Президент просто обязан был выдать Тараканову Петру Павловичу медаль
за активное участие в общественной жизни. Дед переживал вместе со всем
земным шаром абсолютно все потрясения и катаклизмы; правда, Земля казалась
ему маловатой, и он болел за космос. Но это параллельно, не в ущерб родной
планете.
-- Ты смотри! -- восхитился он минуту спустя.
По телевизору передали, что президент какого-то концерна скрылся из
страны, ухитив многие миллионы народных гривней; что будут его судить,
если, конечно, когда-нибудь отловят в районе Багам или Гаваев. Короче,
нехитрый этот и весьма обычный репортаж возымел катастрофические последствия
для семьи Таракановых. Во-первых, дед понял так, что сбежал сам президент.
Во-вторых, ему пришло в голову, что воровать выгодно, раз сам, страшно
сказать, кто, этим не побрезговал.
-- Ты смотри! Все воруют! Петька! -- заорал он в глубину квартиры.
Причем вложил столько души, будто внук находился по другую сторону Панамского
канала.
Петька оказался значительно ближе: выскочил из туалета, как ошпаренный.
-- Дед, чего ты кричишь?
-- Ты у отца зонтик украл? -- строго вопросил дед.
-- Да ну тебя, я думал, стряслось что...
-- Стряслось! -- подтвердил Петр Павлович. -- Еще как стряслось.
-- Дурдом, -- выглянула из кухни Элеонора.

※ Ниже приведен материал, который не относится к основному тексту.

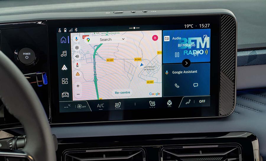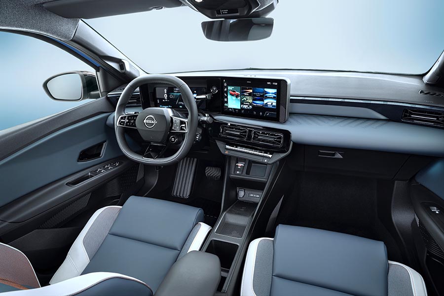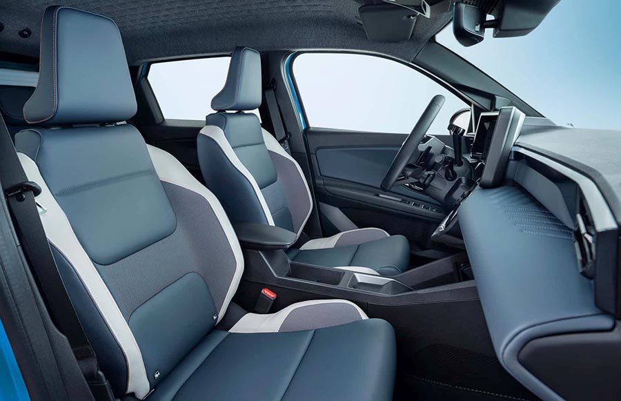 ภายในห้องโดยสาร ใช้งานออกแบบเหมือนกันกับ Renault 5 และ Renault 4 E-Tech แต่ปรับการตกแต่งให้ต่างออกไป วัสดุเบาะนั่ง แผงแดชบอร์ดด้านหน้า และแผงด้านข้างประตู ใช้เป็นหนังสังเคราะห์สีเทาฟ้า ตัดกับวัสดุผ้าสีเทา มีการใช้ไฟ Ambient Light 48 เฉดสี เข้ามาสร้างความหลากหลายของบรรยากาศในยามคำ่คืน ด้านพื้นที่เก็บสัมภาระด้านหลัง มีขนาด 326 ลิตร และเมื่อพับเบาะนั่งด้านหลังแบบ 60 : 40 ให้ราบลง จะได้พื้นที่เพิ่มเป็น 1,106 ลิตร
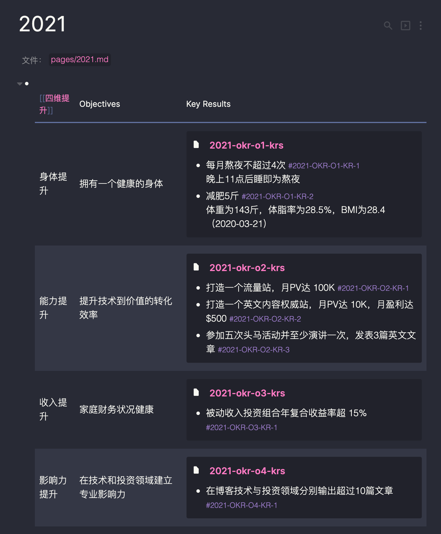 如何用 Logseq 实现这些流程呢?先建立一个 2021 的页面,然后用 Markdown 表格实现 OKR 的内容:
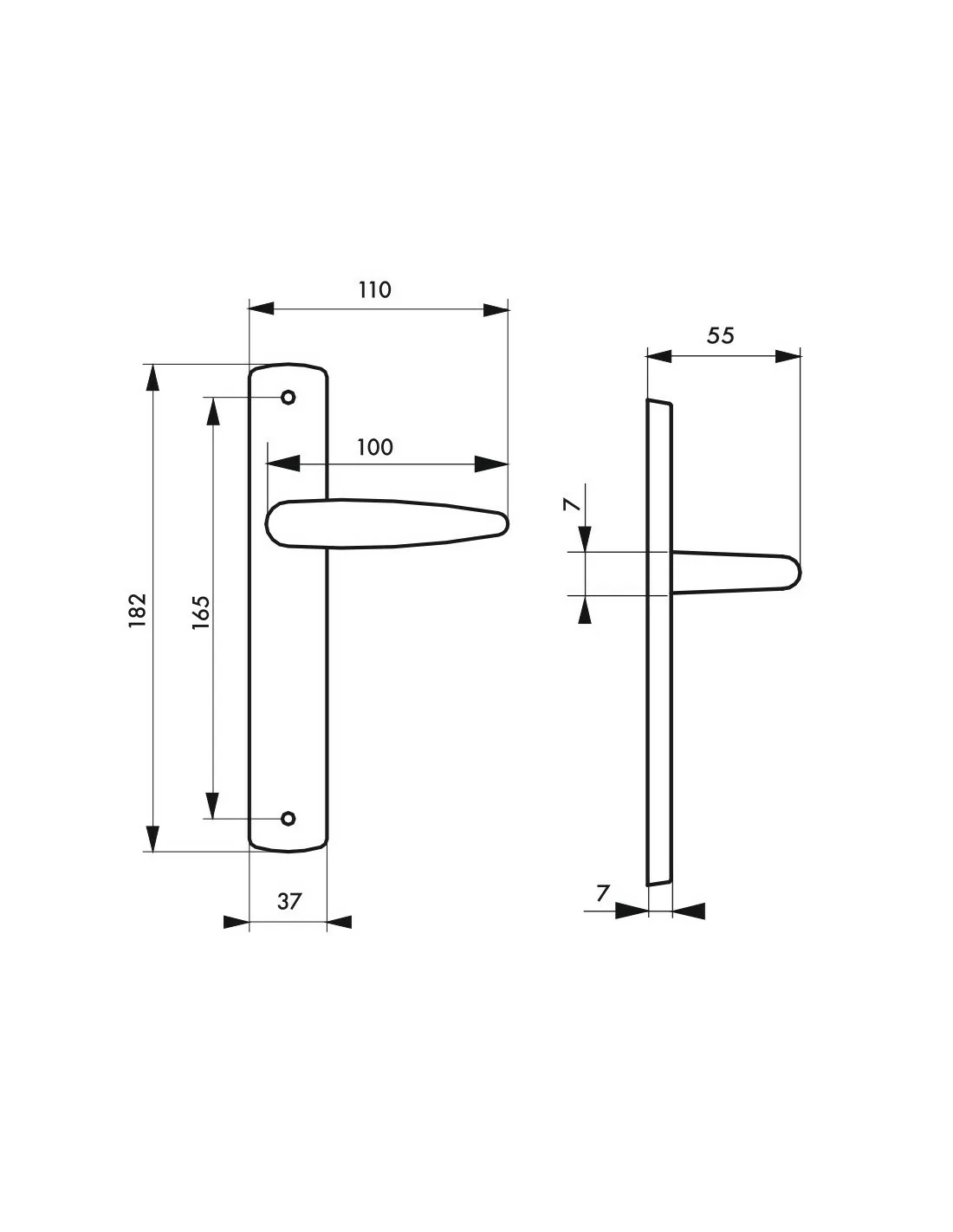 Plaques aluminium fondu. Béquilles aluminium fondu. carré acier 7 mm. Vis métaux. Pour porte épaisseur 45 mm maxi. Entr'axe de fixation 195 mm.
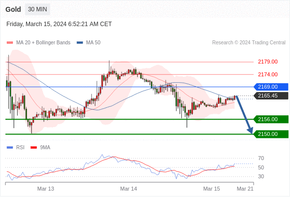 在 2169.00 之下,看跌,目标价位为 2156.00 ,然后为 2150.00 。

-- Где зонтик?! -- поинтересовался Петр Павлович, торча пухлым задом
в полосатых пижамных брюках из крохотной кладовочки, забитой всяким хламом.
Поскольку хлама в квартире было побольше, чем хороших вещей, кладовка была
до некоторой степени перегружена -- в нарушение всех правил техники безопасности.
Тараканов балансировал на грани, сам того не подозревая. Хрупкий мир
между вещами и хозяином продолжался недолго -- громадная куча тряпок, банок,
коробок и лыжи впридачу грохнулись на него, сопроводив свое падение жутким
шумом.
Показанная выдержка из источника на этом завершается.